Publicada a Deliberação Normativa do COPAM sobre novos procedimentos do licenciamento ambiental

Publicada a Deliberação Normativa do COPAM nº 210/2016 que dispõe sobre novos procedimentos do licenciamento ambiental para as atividades de disposição de rejeito e estéril da mineração.

*Mariana Bacil, advogada e sócia do Porto, Miranda, Rocha & Advogados

No último dia 21 de setembro foi publicada a Deliberação Normativa nº 210/2016 do Conselho Estadual de Política Ambiental – COPAM, que define critérios para licenciamento para as atividades de disposição de rejeito e estéril da mineração em cava de mina e de reaproveitamento desses materiais quando dispostos em pilha, em barragem ou em cava, além de alterar dispositivos da Deliberação Normativa COPAM nº 74, de 9 de setembro de 2004.

No contexto da edição da recente norma foi considerada a necessidade de disciplinar as atividades de disposição de estéril e rejeito da mineração em cava de mina e de reaproveitamento de bens minerais dispostos em pilhas, barragens ou cavas, eis que essas atividades podem retardar ou atenuar impactos ambientais decorrentes do uso de novas áreas para disposição de estéril e rejeito da mineração, promovendo, assim, a reabilitação de cavas exauridas, visando a recomposição da paisagem. Além disso, o reaproveitamento de materiais depositados em barragens de rejeitos foi avaliado pelo COPAM como ambientalmente vantajoso, podendo reduzir o potencial de dano ambiental associado à estrutura e a adoção de práticas seguras para o fechamento de empreendimentos minerários e para a desativação de barragens.

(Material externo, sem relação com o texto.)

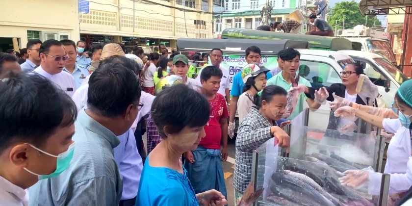 Then, the Chief Minister instructed to arrange for the direct sellers of farmers and livestock breeders in shop with rain cover, to convey the information to the wards and villages on the market selling with affordable price and oversee by the responsible persons to be reasonable price, fresh and clean, systematic disposal of garbage and daily opening of local products market.
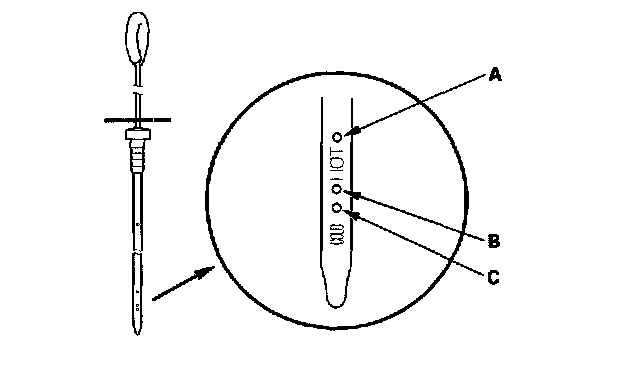 8. Check that the fluid level is between the upper mark (B) and lower mark (C) on the COLD portion of the gauge.
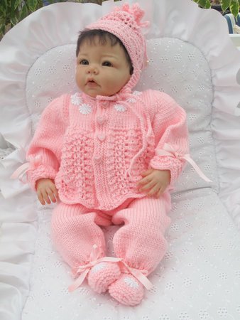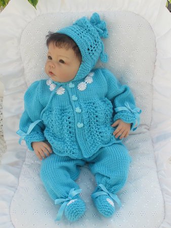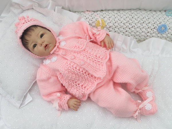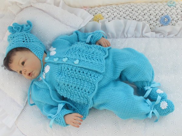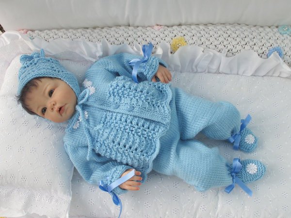 Strickanleitung für ein wunderschönes Set, 3-teilig für Babys & Reborns, Gr. 50/54
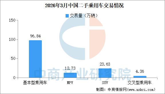 乘用车情况:3月,基本型乘用车共交易96.84万辆,环比增长38%,同比下降3.45%;SUV共交易23.63万辆,环比增长35.43%,同比增长1.36%;MPV共交易12.73万辆,环比增长38.49%,同比增长12.06%;交叉型乘用车共交易4.36万辆,环比增长37.52%,同比下降3.22%。
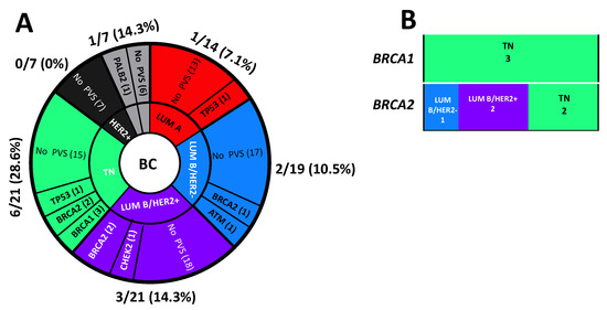 Interestingly, 6 PVs out of 13 (46.1%) observed in the BC patients were detected in triple-negative BC. In particular, 6 of 21 (28.6%) triple-negative BC patients, 3 of 21 (14.3%) Luminal B/HER2+ BC patients, 2 of 19 (10.5%) Luminal B/HER2- BC patients, 1 of 14 (7.1%) Luminal A BC patients and 1 of 7 (14.3%) patients with unknown molecular subtype were carriers of PVs (Figure 6A).
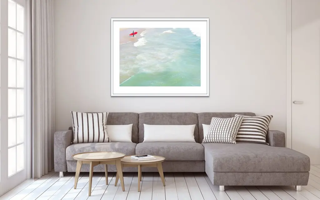 Seen first at One Kings Lane: This image from Natalie Obradovich captures a lone surfer wading into beautiful clear waters. Printed on semi-gloss photo paper and beautifully framed, this piece arrives ready to hang.Natalie Obradovich is a New York- and Los Angeles-based travel photographer inspired by work in interior design, international trips, and love of all things oceanic. A graduate of USC, Natalie worked for the iconic Kelly Wearstler in Los Angeles followed by tenures in New York under other prestigious interior decorators including Thad Hayes and Neal Beckstedt.
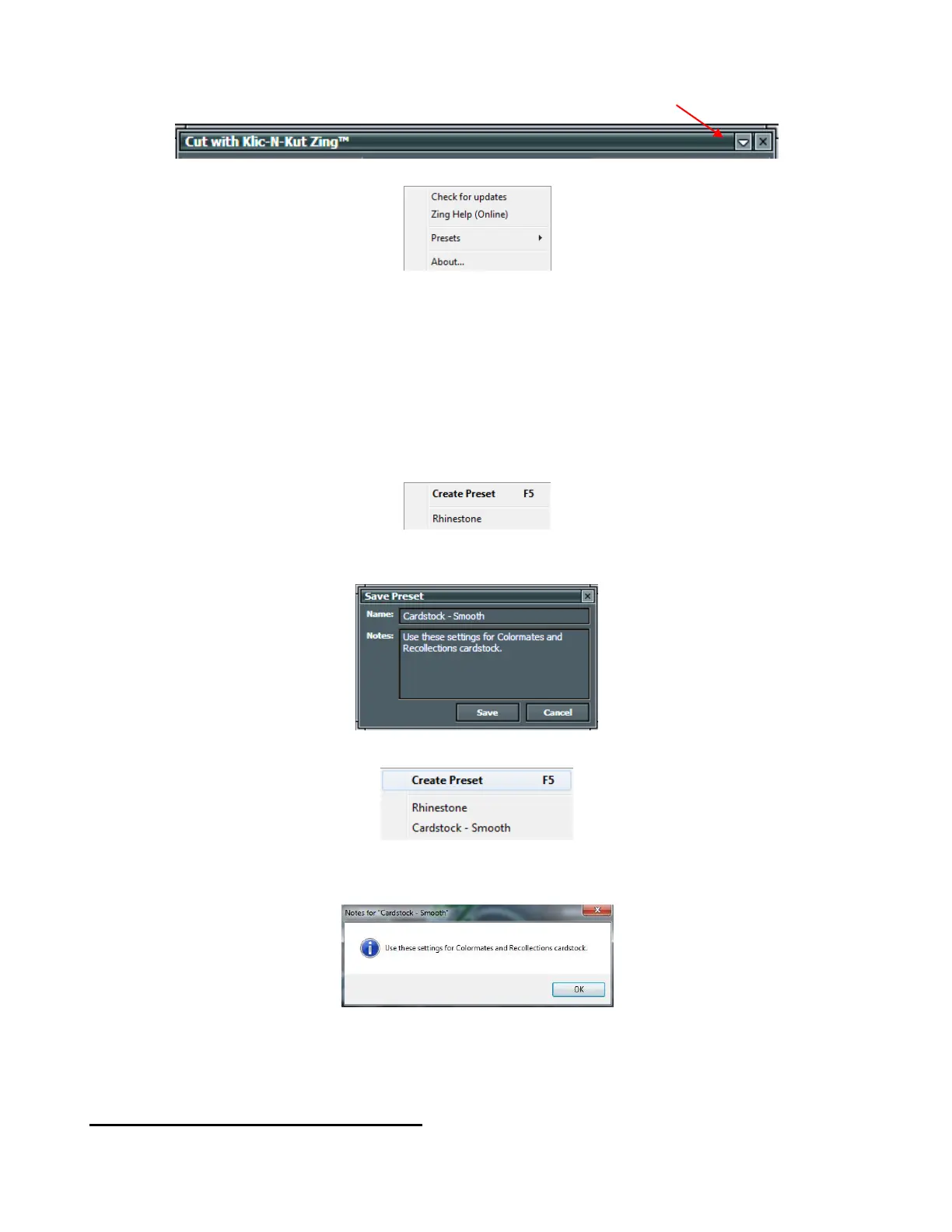 Clicking on a Preset in your list will then change the current settings in the Cut with Klic-N-Kut Zing

De acordo com a nova DN nº 210/2016, foram acrescidos os seguintes códigos às tipologias previstas no item A-05, alterando a redação da, ainda vigente, Deliberação Normativa COPAM nº 74/2004: A-05-06-2, que trata de disposição de estéril ou de rejeito de mineração em cava de mina, sem a necessidade de construção de barramento para contenção; A-05-08-4, que trata do reaproveitamento de bens minerais dispostos em pilha de estéril ou rejeito; e A-05-09-5, que trata do reaproveitamento de bens minerais dispostos em barragem.

Além disso, foi regulamentado que nos casos de disposição de estéril ou de rejeito de mineração em cava de mina, para a formalização do processo de licenciamento ambiental, deverá o empreendedor apresentar a manifestação do Departamento Nacional de Produção Mineral – DNPM. As atividades previstas por esta DN ficam submetidas, independente da classe do empreendimento, ao licenciamento ambiental em uma única fase, de forma concomitante, nos termos do artigo 19, inciso III, da Lei Estadual 21.972/2016.

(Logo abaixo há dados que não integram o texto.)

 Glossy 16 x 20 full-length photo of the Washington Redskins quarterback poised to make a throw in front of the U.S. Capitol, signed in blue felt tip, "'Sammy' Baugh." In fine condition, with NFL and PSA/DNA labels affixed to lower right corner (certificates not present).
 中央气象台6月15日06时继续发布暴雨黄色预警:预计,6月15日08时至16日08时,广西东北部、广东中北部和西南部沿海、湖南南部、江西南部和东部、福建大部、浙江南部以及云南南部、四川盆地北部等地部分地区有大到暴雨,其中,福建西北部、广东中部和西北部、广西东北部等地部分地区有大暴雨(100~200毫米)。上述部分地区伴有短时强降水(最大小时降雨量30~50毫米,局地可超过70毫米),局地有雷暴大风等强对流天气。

Fica também estabelecido que, sem prejuízo de outros documentos exigíveis, os requerimentos de licença para essas atividades serão instruídos com Relatório de Controle Ambiental (RCA) e Plano de Controle Ambiental (PCA), cujos termos de referência específicos serão disponibilizados pela SEMAD, sendo que os processos de licenciamento ambiental relativos à essas atividades e formalizados antes da publicação da DN nº 210/2016, e ainda não concluídos,  deverão ser reorientados segundo os critérios estabelecidos na nova norma.  Já os processos cujos empreendimentos possuam licença concedida antes do início da vigência desta Deliberação Normativa serão objeto de alteração do código de atividade quando da sua revalidação, não se aplicando as novas regras aos processos de licenciamento ambiental específico para as atividades relacionadas aos códigos A-05-06-2, A-05-08-4 e A-05-09-5, nos casos em que for necessária a retirada de rejeito contido na barragem para o alcance da condição de estabilidade da estrutura, desde que expressamente recomendada em Auditoria Técnica de Segurança.

No que diz respeito às barragens de rejeitos de mineração que utilizem ou que tenham utilizado o método de alteamento para montante, estas devem seguir as diretrizes do Decreto Estadual nº 46.993, de 2 de maio de 2016.